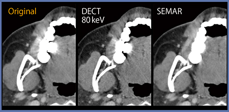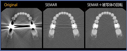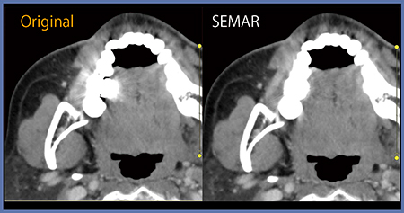 図5 SEMARを用いたメタルアーチファクト低減(適用前後の比較)
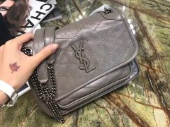 圣罗兰YSL BABY NIKI 灰色女包 褶皱绗缝真皮链条邮差包
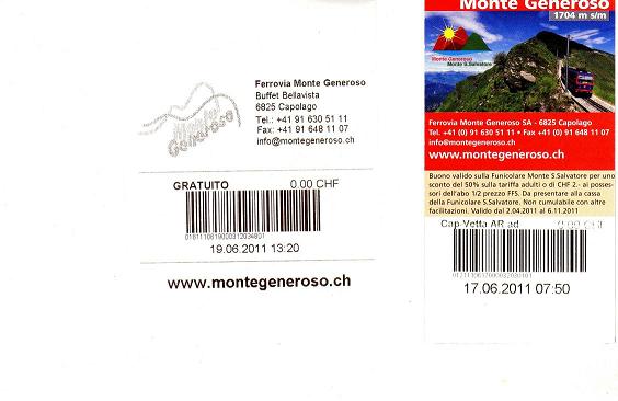 Models actuals de bitllet al cremallera de Monte Generoso, models de taquilla i de bar "buffet".
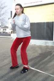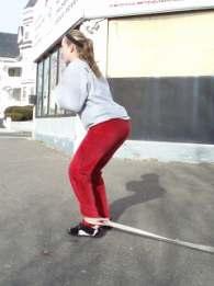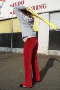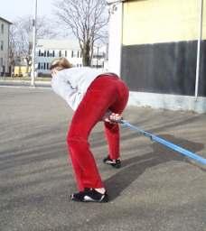 • Putting the ends of the split rope around your ankles and walking backward
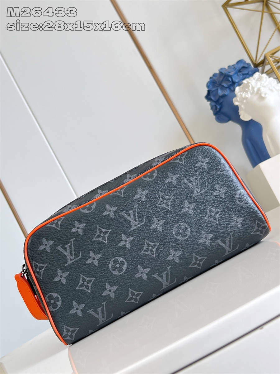 EFK【独家实拍 M 15246橙 】本款 Dopp Kit 盥洗袋选用 Monogram Eclipse 帆布,为 Monogram 爱好者带来内敛之选。充裕空间可收纳旅行所需,双拉链提供安心保护,广口开合方便取放。28 x 15 x 16.5 厘米(长度 x 高 x 宽)
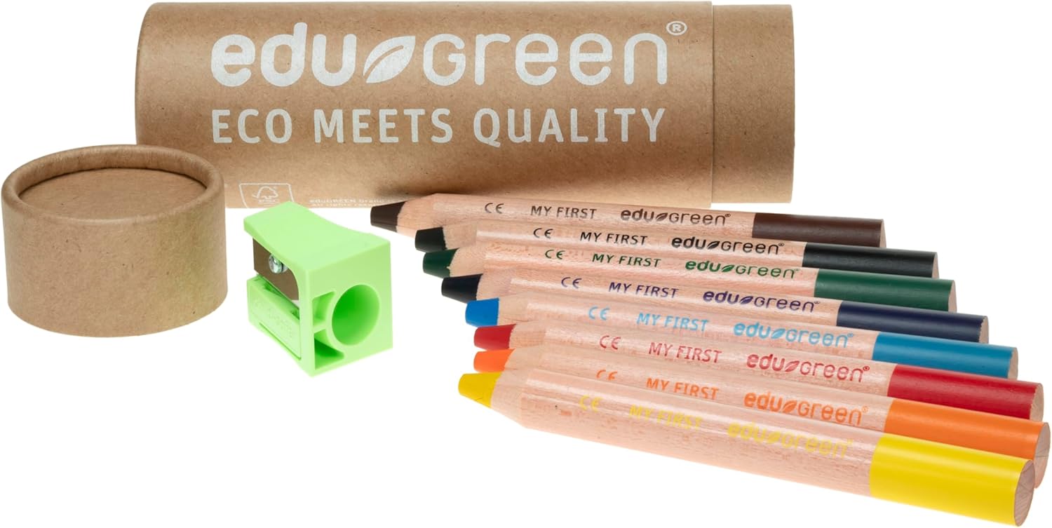 8 matite colorate corte con temperamatite, pratica scatola rotonda con mina extra morbida da 8 mm Legno certificato FSC, stabile e durevole, ideale per la scuola e l'asilo Temperamatite in plastica PCR, realizzato in materiale riciclato Vernice a base d'acqua, lavorazione sicura per i bambini Colori vivaci e design adatto ai bambini, lunghezza ergonomica della penna per mani piccole
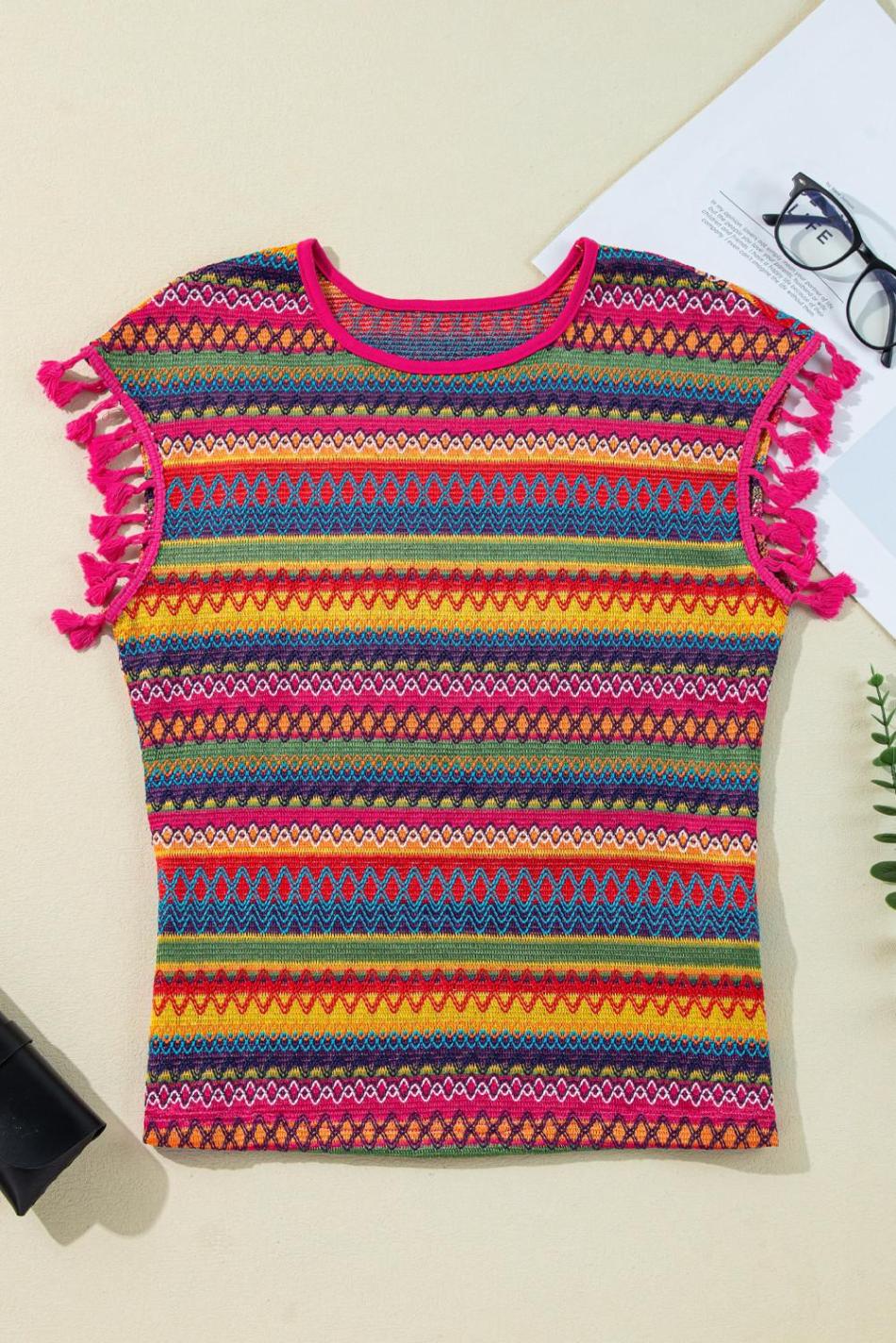 | Tag | Style Boho,Color Red,Fabric Textured,Pattern Striped,Detail Tassel,Season Summer,Pattern Geometric,Sale Clearance,Tops Sale,Year 2025 | ||

--------------------------------

Produce the entries again, word for word, without any of their pictures.

◆ **Response**:
 図5 SEMARを用いたメタルアーチファクト低減(適用前後の比較)
 圣罗兰YSL BABY NIKI 灰色女包 褶皱绗缝真皮链条邮差包
 Models actuals de bitllet al cremallera de Monte Generoso, models de taquilla i de bar "buffet".
 • Putting the ends of the split rope around your ankles and walking backward
 EFK【独家实拍 M 15246橙 】本款 Dopp Kit 盥洗袋选用 Monogram Eclipse 帆布,为 Monogram 爱好者带来内敛之选。充裕空间可收纳旅行所需,双拉链提供安心保护,广口开合方便取放。28 x 15 x 16.5 厘米(长度 x 高 x 宽)
 8 matite colorate corte con temperamatite, pratica scatola rotonda con mina extra morbida da 8 mm Legno certificato FSC, stabile e durevole, ideale per la scuola e l'asilo Temperamatite in plastica PCR, realizzato in materiale riciclato Vernice a base d'acqua, lavorazione sicura per i bambini Colori vivaci e design adatto ai bambini, lunghezza ergonomica della penna per mani piccole
 | Tag | Style Boho,Color Red,Fabric Textured,Pattern Striped,Detail Tassel,Season Summer,Pattern Geometric,Sale Clearance,Tops Sale,Year 2025 | ||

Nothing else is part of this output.